INDUSTRIAL COVID-19 AGGRAVATES NONINDUSTRIAL CONDITIONS

The same principles would apply if an employee contracts COVID-19 on an industrial basis, and the disease aggravates or accelerates a nonindustrial condition. If an employee with non-industrial hypertension, chronic lung disease, heart disease, or other condition dies as a result of COVID-19 which was contracted at work, then the employee's death would be compensable.

The employer would be required to treat any non-industrial conditions if the treatment was necessary to treat the industrially-related COVID-19. Furthermore, if an employee's industrially-related COVID-19 permanently aggravated a nonindustrial condition, the employer would be fully liable for the treatment without apportionment.[11]

However, the majority of people who contract COVID-19 only experience minor symptoms and fully recover. If the industrial injury or condition causes only a temporary exacerbation of a nonindustrial condition, and the employee fully recovers from the effects of the industrial, the employer is not liable for ongoing care of the nonindustrial condition.[12]

For example, in Reff v. Workers' Comp. Appeals Bd.,[13] the appeals board held that a nurse who contracted occupational pneumonia was not entitled to lifetime medical treatment for her pre-existing and dormant common variable immune deficiency (CVID) when it was only temporarily lit up by the occupational disease. The board explained that "if it is established that the medical treatment or medication in question is required separate and apart, or independent of, an industrial injury or condition, then the employer may avoid liability."[14] The board found the medical evidence established the industrial pneumonia temporary aggravated or lit up the non-industrial CVID condition for about two months.

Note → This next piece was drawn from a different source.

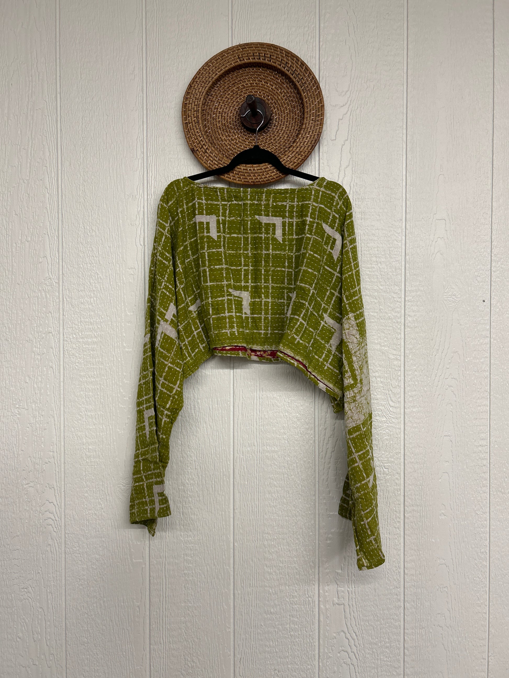 sari. Features long wide sleeves and a funky crop silhouette to wear with all your favorite KB bottoms.

Consequently, it concluded there was no legal basis for a permanent award of medical treatment for the CVID condition.[15]

Therefore, if an employee contracts COVID-19 on an industrial basis and it temporarily exacerbates a non-industrial condition, the employer would be required to provide treatment during the temporary exacerbation. However, if the employee fully recovers from COVID-19 without any permanent aggravation of the non-industrial condition, the employer's liability for treatment of the non-industrial condition ceases. Ultimately, whether the COVID-19 temporarily exacerbates or permanently aggravates a non-industrial condition will be a medical issue.


  1. LaTourette v. Workers' Comp. Appeals Bd.(1998) 17 Cal.4th 644, 653.
  2. (1983) 33 Cal.3d 729.
  3. Maher v. Workers' Comp. Appeals Bd. (1983) 33 Cal.3d 729, 734.
  4. Maher v. Workers' Comp. Appeals Bd. (1983) 33 Cal.3d 729, 736.
  5. Maher v. Workers' Comp. Appeals Bd. (1983) 33 Cal.3d 729, 737-738.
  6. (2015) 61 Cal.4th 291.
  7. South Coast Framing, Inc. v. Workers' Comp. Appeals Bd. (Clark) (2015) 61 Cal.4th 291, 296.
  8. South Coast Framing, Inc. v. Workers' Comp. Appeals Bd. (Clark) (2015) 61 Cal.4th 291, 300.
  9. Braewood Convalescent Hospital v. Workers' Comp. Appeals Bd. (Bolton) (1983) 34 Cal.3d 159.
  10. Granado v. Workmen's Comp. App. Bd. (1968) 69 Cal.2d 399, 404.
  11. Granado v. Workmen's Comp. App. Bd. (1968) 69 Cal.2d 399, 405-406.
  12. See De La Tova v. Industrial Acci. Com. (1955) 137 Cal.App.2d 516.
  13. (2011) 76 Cal.Comp.Cases 1233 (writ denied).
  14. Reff v. Workers' Comp. Appeals Bd. (2011) 76 Cal.Comp.Cases 1233, 1236 (writ denied).
  15. Reff v. Workers' Comp. Appeals Bd. (2011) 76 Cal.Comp.Cases 1233, 1236 (writ denied).